Work request
In the entries below, find the line with "NCP1200的内部跳周期?" and print exactly every line from there up to and including the line with "Exploring the Scorpion", with no other lines.

Supplied data
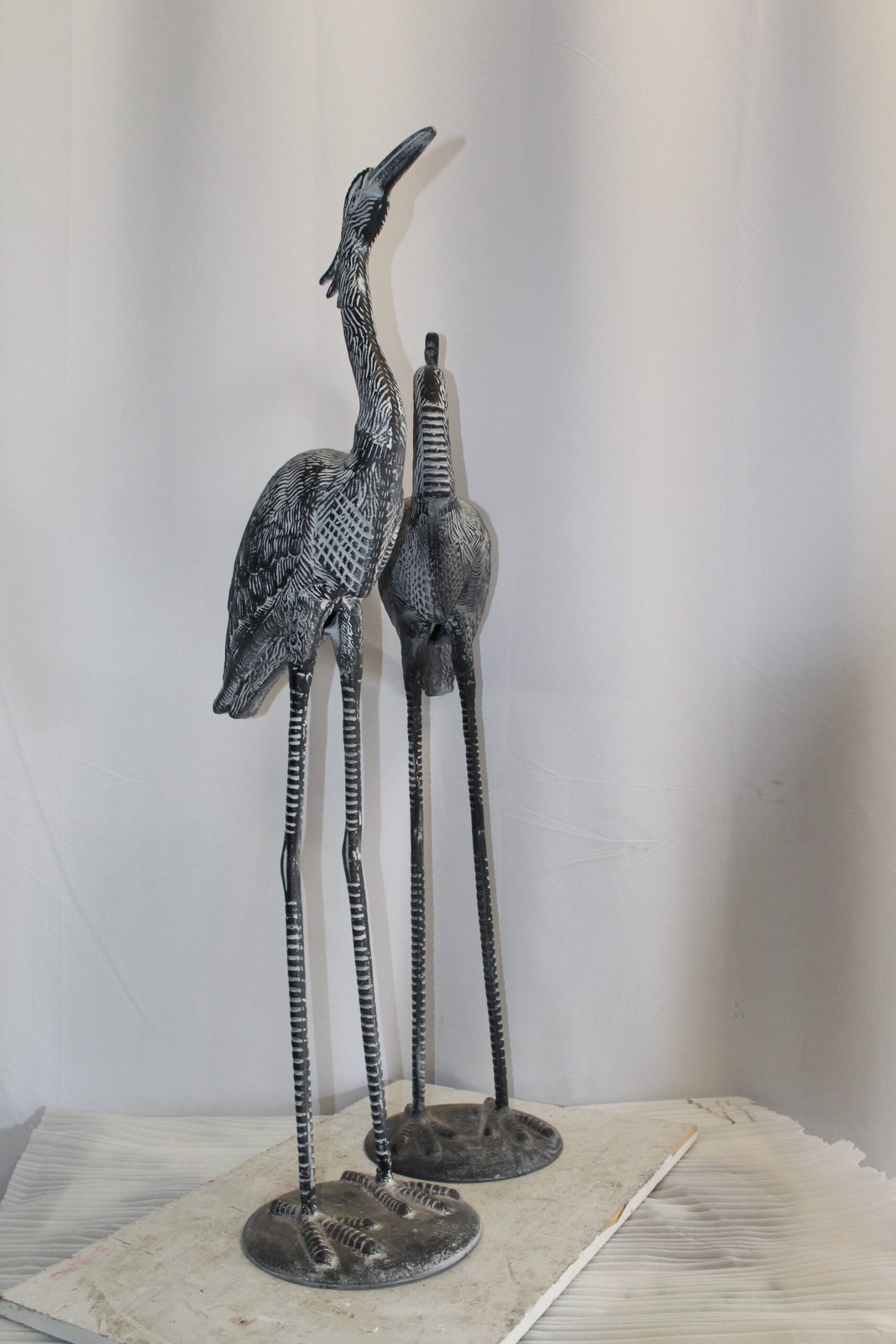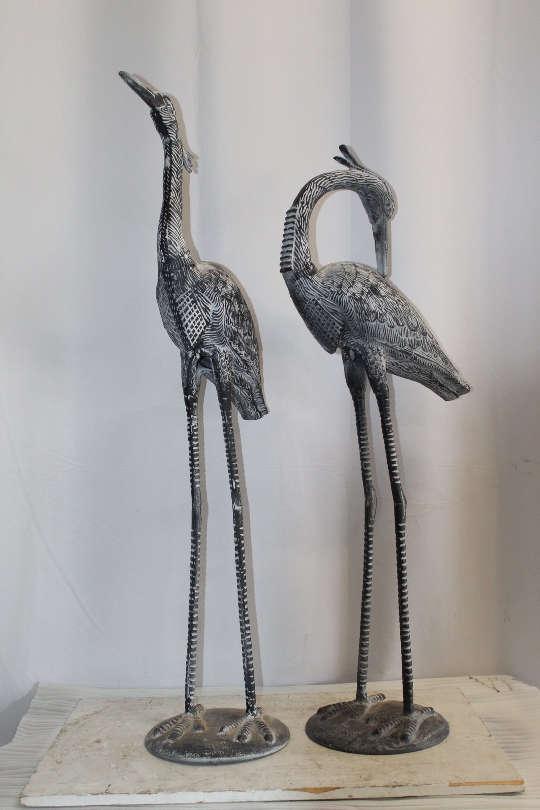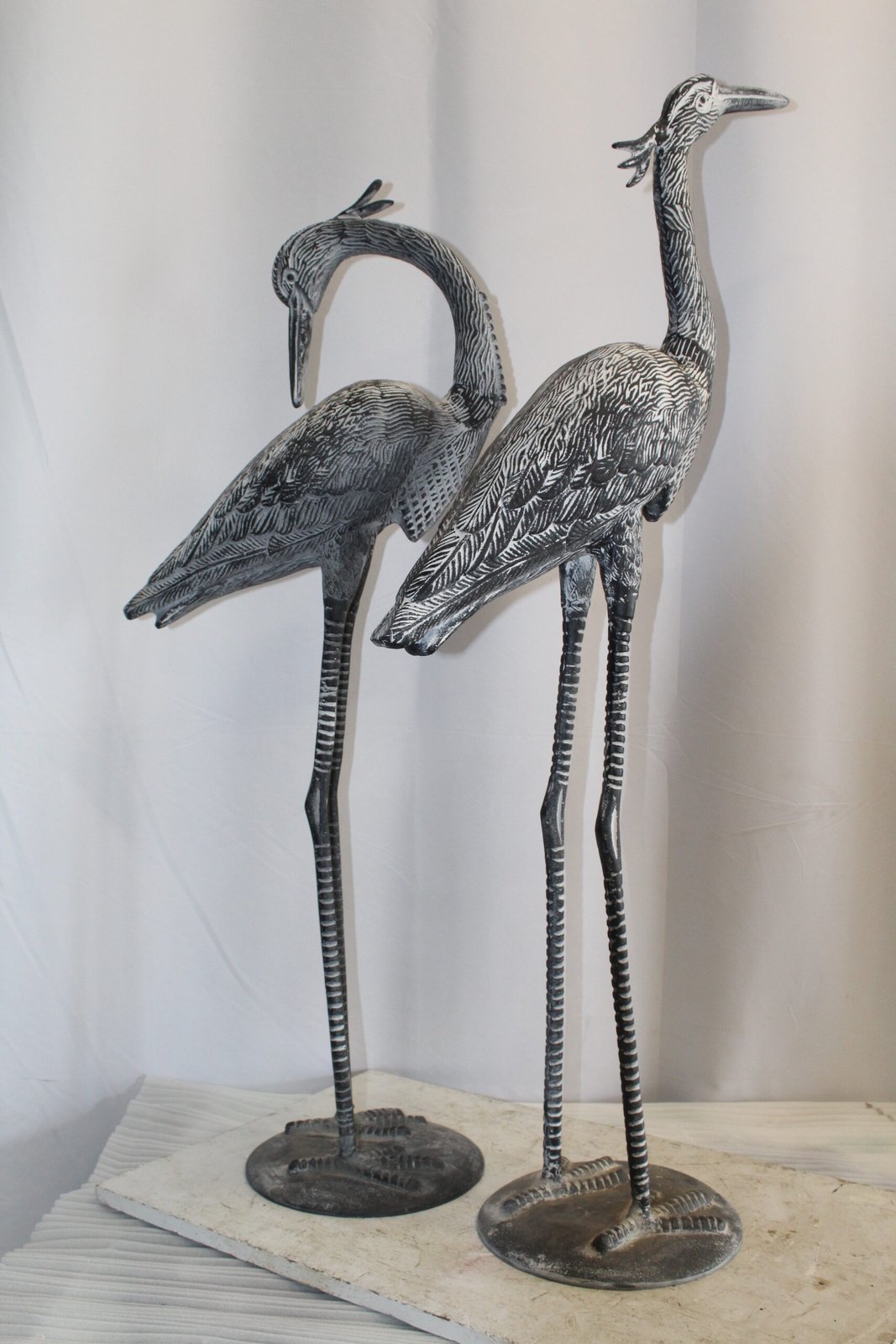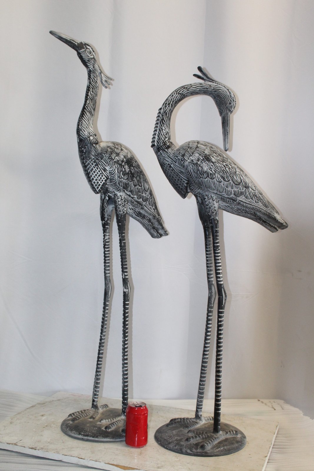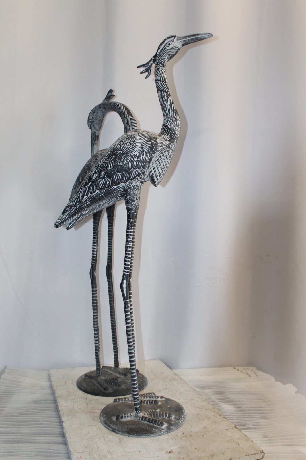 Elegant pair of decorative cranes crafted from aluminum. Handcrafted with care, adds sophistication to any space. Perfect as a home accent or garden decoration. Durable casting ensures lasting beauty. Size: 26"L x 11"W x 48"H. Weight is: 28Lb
...
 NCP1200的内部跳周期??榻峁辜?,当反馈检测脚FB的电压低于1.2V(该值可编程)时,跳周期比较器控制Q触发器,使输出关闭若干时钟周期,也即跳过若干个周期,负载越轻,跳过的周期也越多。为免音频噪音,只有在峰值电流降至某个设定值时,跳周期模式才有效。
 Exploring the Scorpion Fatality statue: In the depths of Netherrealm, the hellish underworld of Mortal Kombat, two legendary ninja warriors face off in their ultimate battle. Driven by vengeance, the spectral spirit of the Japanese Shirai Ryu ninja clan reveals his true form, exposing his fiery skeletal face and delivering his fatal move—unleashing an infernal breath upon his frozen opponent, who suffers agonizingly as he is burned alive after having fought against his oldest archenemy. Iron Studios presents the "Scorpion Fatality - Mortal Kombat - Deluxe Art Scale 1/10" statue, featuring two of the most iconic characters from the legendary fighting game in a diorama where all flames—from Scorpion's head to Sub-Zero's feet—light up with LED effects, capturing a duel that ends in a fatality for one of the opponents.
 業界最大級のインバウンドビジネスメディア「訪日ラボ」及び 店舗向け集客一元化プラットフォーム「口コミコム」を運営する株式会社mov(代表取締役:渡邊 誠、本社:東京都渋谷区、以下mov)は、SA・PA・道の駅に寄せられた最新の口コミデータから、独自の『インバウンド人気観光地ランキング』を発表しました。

Result
 NCP1200的内部跳周期??榻峁辜?,当反馈检测脚FB的电压低于1.2V(该值可编程)时,跳周期比较器控制Q触发器,使输出关闭若干时钟周期,也即跳过若干个周期,负载越轻,跳过的周期也越多。为免音频噪音,只有在峰值电流降至某个设定值时,跳周期模式才有效。
 Exploring the Scorpion Fatality statue: In the depths of Netherrealm, the hellish underworld of Mortal Kombat, two legendary ninja warriors face off in their ultimate battle. Driven by vengeance, the spectral spirit of the Japanese Shirai Ryu ninja clan reveals his true form, exposing his fiery skeletal face and delivering his fatal move—unleashing an infernal breath upon his frozen opponent, who suffers agonizingly as he is burned alive after having fought against his oldest archenemy. Iron Studios presents the "Scorpion Fatality - Mortal Kombat - Deluxe Art Scale 1/10" statue, featuring two of the most iconic characters from the legendary fighting game in a diorama where all flames—from Scorpion's head to Sub-Zero's feet—light up with LED effects, capturing a duel that ends in a fatality for one of the opponents.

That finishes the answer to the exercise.